Irgendwann hielten Innovationen in Verkauf & Marketing sowie in der Neugestaltung der Angebotspalette auch Veränderungen in den Verlagshäusern Einzug – allerdings spät.  Veränderungsinitiativen fordern eigentlich hauptsächlich die unternehmerische Kreativität und erst in zweiter Linie den Geldbeutel. Ist es ein Zufall, dass viele erfolgreiche Verlagsneugründungen nach dem Krieg ohne eigene Produktionsbasis ausgekommen sind? Beispielsweise Kundenorientierte Loseblattwerk-Verlage der 90er oder die Direktmarketing getriebenen Häuser.

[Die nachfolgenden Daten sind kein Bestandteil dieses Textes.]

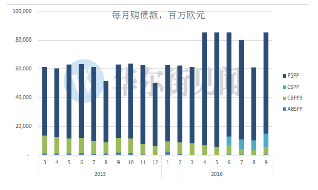根据欧央行的计划,自2015年起,在之前已有的每月100亿ABSPP+CBPP的基础上,外加购买500亿PSPP,以帮助达到通胀目标(接近但略低于2%),而事实是,欧元区通胀一直没有达到目标,甚至一度接近于0%,因此,2016年3月起,欧央行决定加大宽松力度,将购债规模扩大到每月800亿欧元,并且在6月份开始购买CSPP。欧央行并没有规定每月CSPP的数额,从6-9月的结果来看,平均每月购买了74亿欧元,前三个月都是60多亿欧元,9月购买了近100亿欧元。
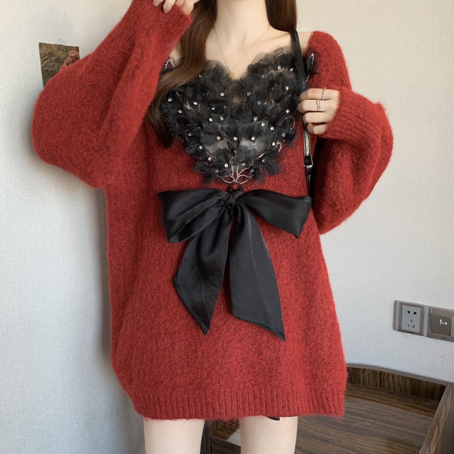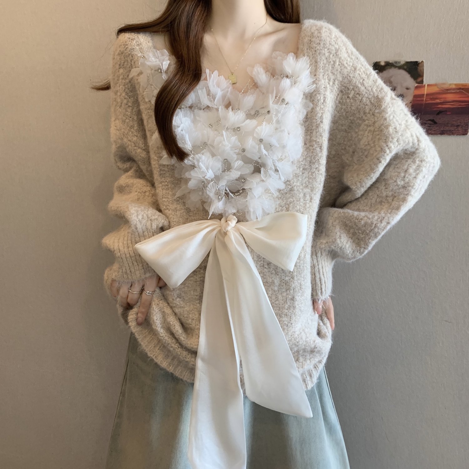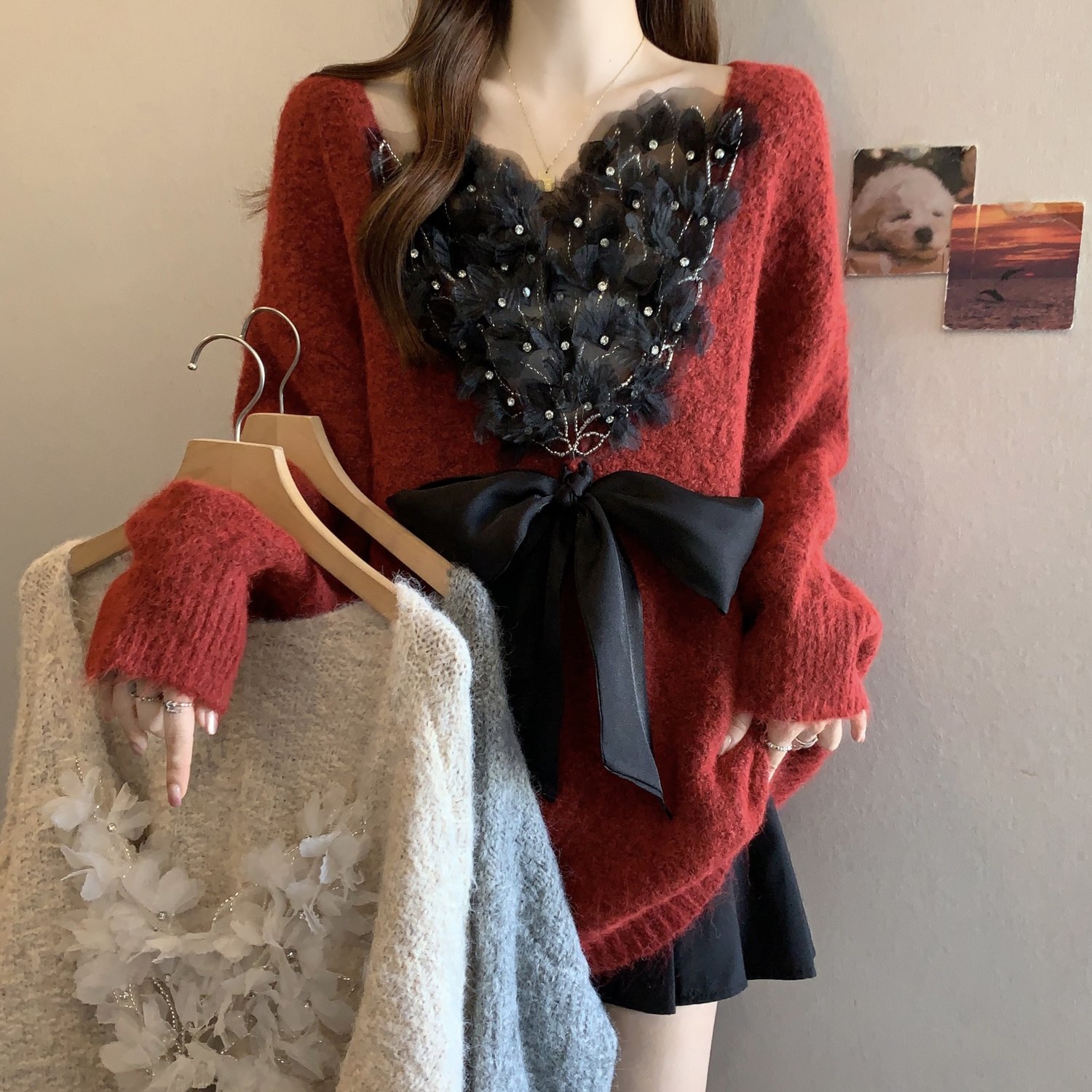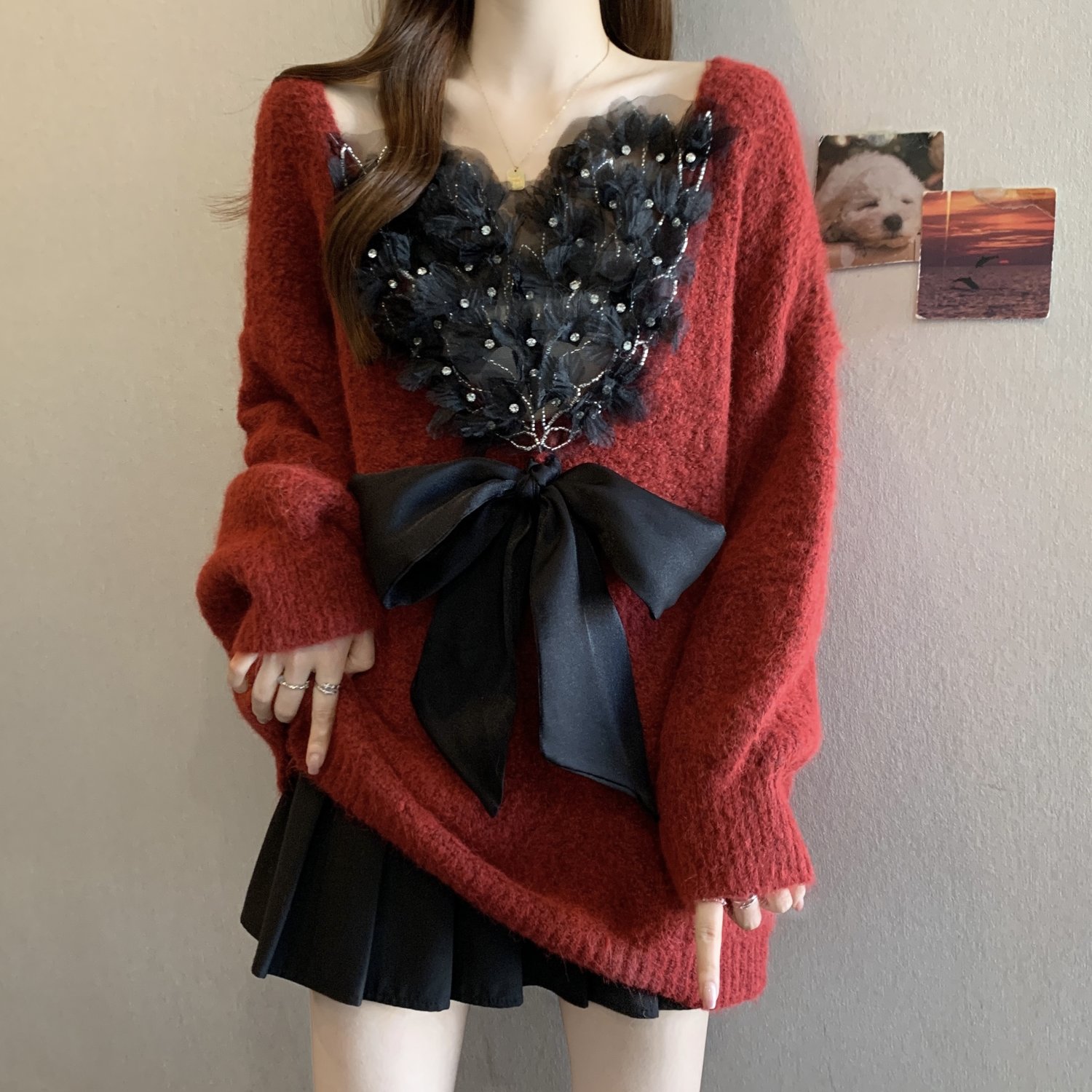 酒紅色洋氣V領正肩毛衣女2025冬新款大碼胖mm立體花朵蝴蝶結上衣

Prozesse – Ein Feld für die Innovationen?

Durch den Kapitalbedarf sind technischer Innovationen  bei Medien derzeit genauso wenig in Sicht, wie Marketing- und Produktinnovationen; letzteres ist aber eher eine Frage der Kreativität. Nebenbei: Fällt jemandem ein großes Medienhaus ein, das in den vergangen 10 Jahren eine tolle wirtschaftlich erfolgreiche Innovation an den Start gebracht hat? Was bis heute aber kaum eine Rolle zu spielen scheint, sind innovative Unternehmensprozesse per se. Bis dato wurden innerbetriebliche Abläufe entsprechend den aktuellen Notwendigkeiten angepasst; oder an SAP. Wäre es nicht auch vorstellbar, dass basierend auf dem aktuellen Stand von Produktion, Präsentation, Marketing und mit bestehenden Geschäftsmodellen allein innovative Unternehmensprozesse zum Erfolg führen?

Was sicher lohnt ist ein Blick auf die Entwicklungsgeschichte reifer Industrien, wie der Automobil- oder der die Luftfahrtindustrie. Verglichen mit diesen müssten die meisten Verleger Carl Benz eigentlich noch persönlich kennen.